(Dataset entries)
◆ ◆ ◆ ◆ ◆ ◆ ◆
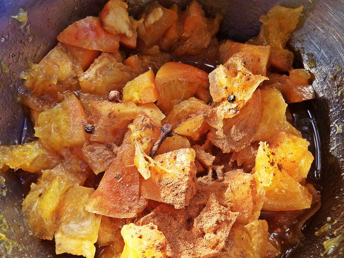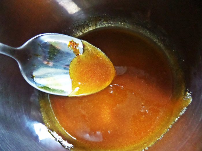 Достигаем карамельного цвета и уже мешаем ложкой.
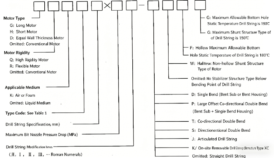 - 5LZ165×7.0Ⅱ : Outside diameter 165 mm, 5/6 lobe ratio hydraulic motor, bit nozzle pressure drop 7.0 MPa, second design modification of straight-body PDM.
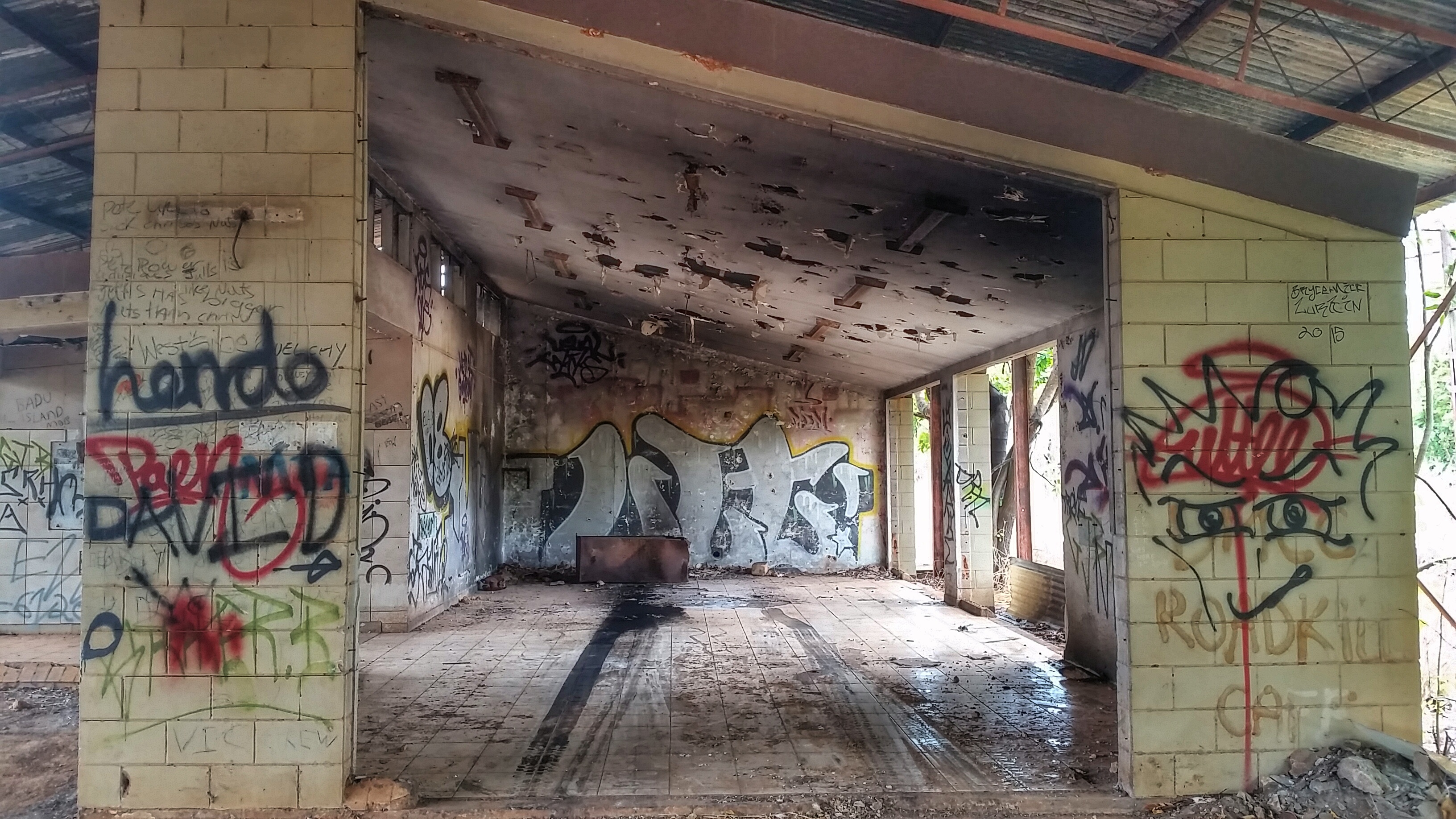 Less than 100metres before the road ends and the last hike to the tip begins, there is a group of old buildings that were once known as the ‘Pajinka Lodge’. According to our research, the lodge was brought by the government at the expense of the tax payer and was then handed over to the communities up here, where unfortunately and for whatever unknown reason, it stayed open for only a few months and then closed its doors for good. These days, as the photos show, it has been trashed, ransacked and damaged beyond repair, we were only able to walk through a few of the main buildings, being the reception, bar, restaurant, kitchen, laundry, a few close by rooms and the pool, that was filled with thick sludgy green water that none of us were brave enough to go near, god knows what was at the bottom…… It was quite sad really, but then it would have been a mammoth, quite expensive task for anyone to keep open, given the remoteness of the area, perhaps the government could have done a bit more homework before going and spending countless amount of dollars on such an ill-fated project.
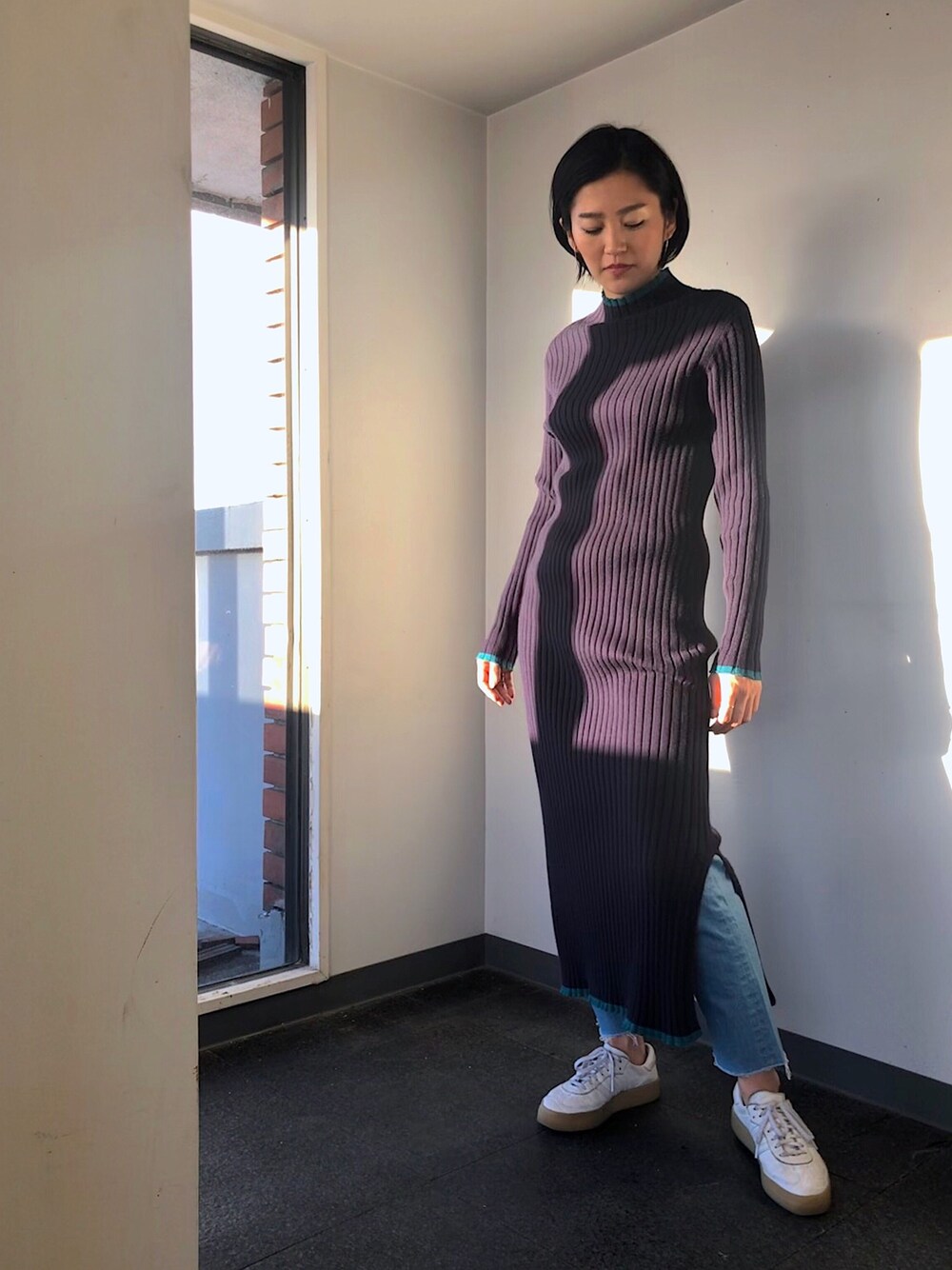 すらっと縦長に見えるリブワンピ。 スリットから覗くボトムでコーデが楽しくなります。
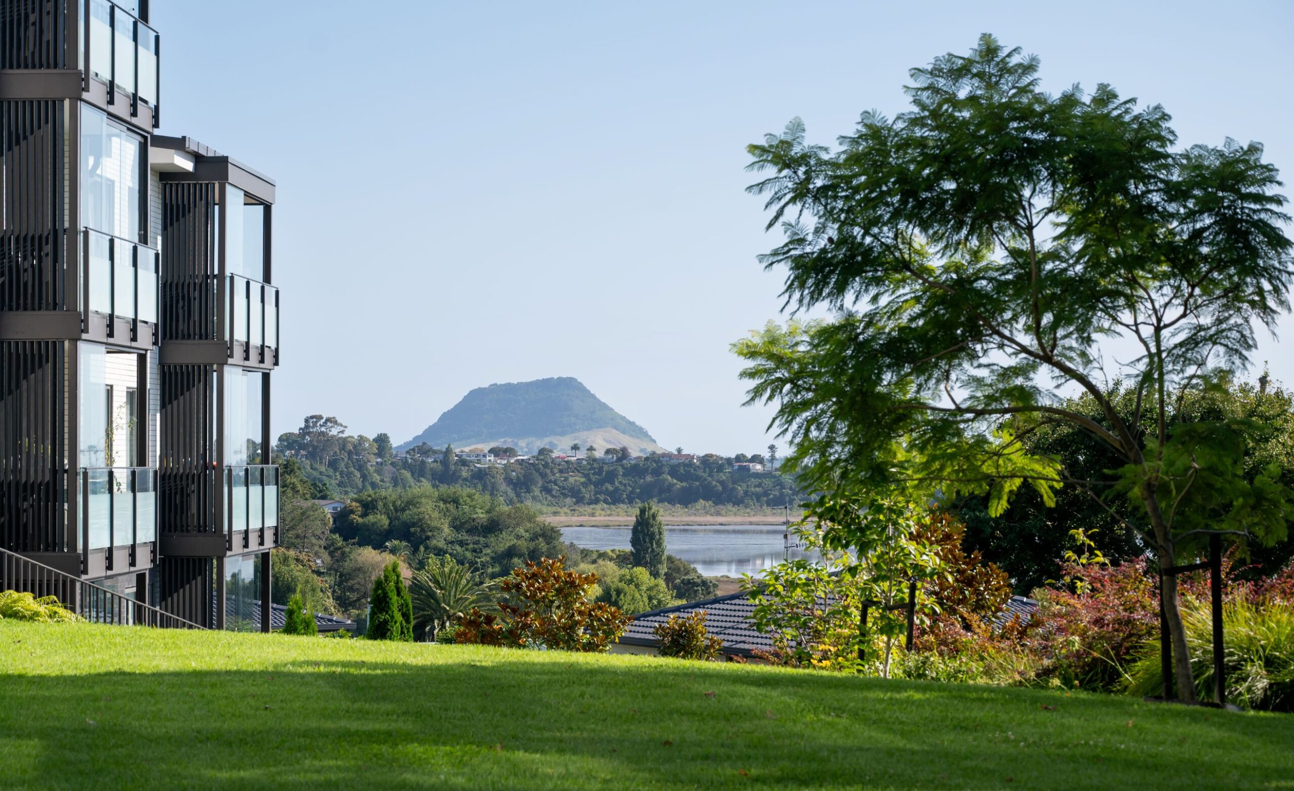 The sun is glorious. We pause to take in the view across the harbour, the Mount sitting clearly in the distance. As we move further through the village, cicadas hum and birds move through the trees. The landscaping is lush and layered – dense planting, established trees, pockets of shade – alive with flora and fauna and clearly central to how the place feels.
◆ ◆ ◆ ◆ ◆ ◆ ◆
#### [Work to complete]
Print each record as it appears above, dropping every picture from the copy.

#### [Finished exercise]
 Достигаем карамельного цвета и уже мешаем ложкой.
 - 5LZ165×7.0Ⅱ : Outside diameter 165 mm, 5/6 lobe ratio hydraulic motor, bit nozzle pressure drop 7.0 MPa, second design modification of straight-body PDM.
 Less than 100metres before the road ends and the last hike to the tip begins, there is a group of old buildings that were once known as the ‘Pajinka Lodge’. According to our research, the lodge was brought by the government at the expense of the tax payer and was then handed over to the communities up here, where unfortunately and for whatever unknown reason, it stayed open for only a few months and then closed its doors for good. These days, as the photos show, it has been trashed, ransacked and damaged beyond repair, we were only able to walk through a few of the main buildings, being the reception, bar, restaurant, kitchen, laundry, a few close by rooms and the pool, that was filled with thick sludgy green water that none of us were brave enough to go near, god knows what was at the bottom…… It was quite sad really, but then it would have been a mammoth, quite expensive task for anyone to keep open, given the remoteness of the area, perhaps the government could have done a bit more homework before going and spending countless amount of dollars on such an ill-fated project.
 すらっと縦長に見えるリブワンピ。 スリットから覗くボトムでコーデが楽しくなります。
 The sun is glorious. We pause to take in the view across the harbour, the Mount sitting clearly in the distance. As we move further through the village, cicadas hum and birds move through the trees. The landscaping is lush and layered – dense planting, established trees, pockets of shade – alive with flora and fauna and clearly central to how the place feels.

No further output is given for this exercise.